Illustration 7.2 — The AI capability levels. Seven levels from rule to multi-agent, ordered left-to-right by increasing capability and surface area. Stroke-weight carries the climb: a thicker border encodes larger operational surface, not more goodness. The Non-AI / AI boundary sits between rule and classical ML: the moment a substrate learns from data, it is AI.

A note before the levels. At every level above Rule, the substrate has two layers: a model that produces predictions or generations, and a wrapper that decides what goes in, what comes out, how the model is called, how its outputs are measured, and what happens when the model fails. For classical machine learning, the team typically owns both layers — labels, features, training pipeline, scorer, monitoring. From LLM upward, the model is almost always rented from a provider (Anthropic, OpenAI, Google) or self-hosted from open weights; the team owns the wrapper — the prompt, the retriever, the tools, the orchestration, the evaluation harness, the logs, and the controls. For most AI routes today, the engineering cost and the failure surface live in the wrapper, not in the model. The levels below are shapes of system, not shapes of model; at each level, what the team owns is named.

Rule. A deterministic if/then, lookup, or constraint solver. No model; the rule surface itself is the substrate, and the code is its own audit path. Included at the edge because the AI range borders it; many pieces that look like AI candidates resolve to rules once their decision surface is drawn.

Classical machine learning. Gradient-boosted trees, logistic regression, random forests, support-vector machines. The simplest AI level: the team typically owns the model — labels, features, training pipeline, retraining cadence — wrapped by a thin scorer and a monitoring job. The audit path runs through the training notebook and the feature store. Claimable where the label set is stable, the features are explainable to a non-specialist, and the team has a labelling budget it can carry for the life of the system.
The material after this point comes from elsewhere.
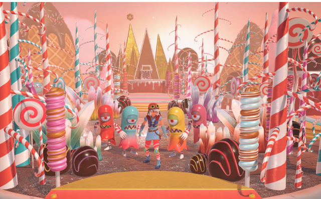
CANDY LAND VR

LLM feature. A single call to a large language model, prompt-engineered, no retrieval, no tools. The model is rented from a provider (Anthropic, OpenAI, Google) or self-hosted from open weights; the team owns the wrapper — the prompt, the input assembly, the output schema, the evaluation harness, the logs. Used where the work is language-shaped — summarisation, classification, drafting — and the context fits in the prompt window.

Retrieval-augmented generation. An LLM with a retriever over a knowledge base [2]. Rented model plus owned wrapper plus owned corpus. The corpus is the second thing the team owns at this level: chunking, currency, index, quality against the real questions. Requires the knowledge base to be retrievable-quality — chunked sensibly, kept current, indexed against the questions actually asked — so RAG pushes the engineering cost into corpus reform, not into model work.

Single agent. An LLM with tools, planning a single task over multiple steps. The canonical pattern — reasoning traces interleaved with tool-use actions, as in ReAct [10] — lets the model decide check this; if X, do this; if Y, do that within a bounded branching factor. Rented model plus owned wrapper; the wrapper now includes tool definitions, a trajectory logger, and a per-step evaluation surface.

Tool-using agent. An LLM with an extended toolset, planning longer or more branchy task trajectories. The step from single agent to tool-using agent is a step in cost and in surface area; approaches that teach the model to invoke tools from demonstration, such as Toolformer [11], make the larger toolkit tractable at training time but do not remove the trajectory variance at runtime. The wrapper carries that variance: tool dispatch, input and output validation, a rollback substrate, trajectory replay.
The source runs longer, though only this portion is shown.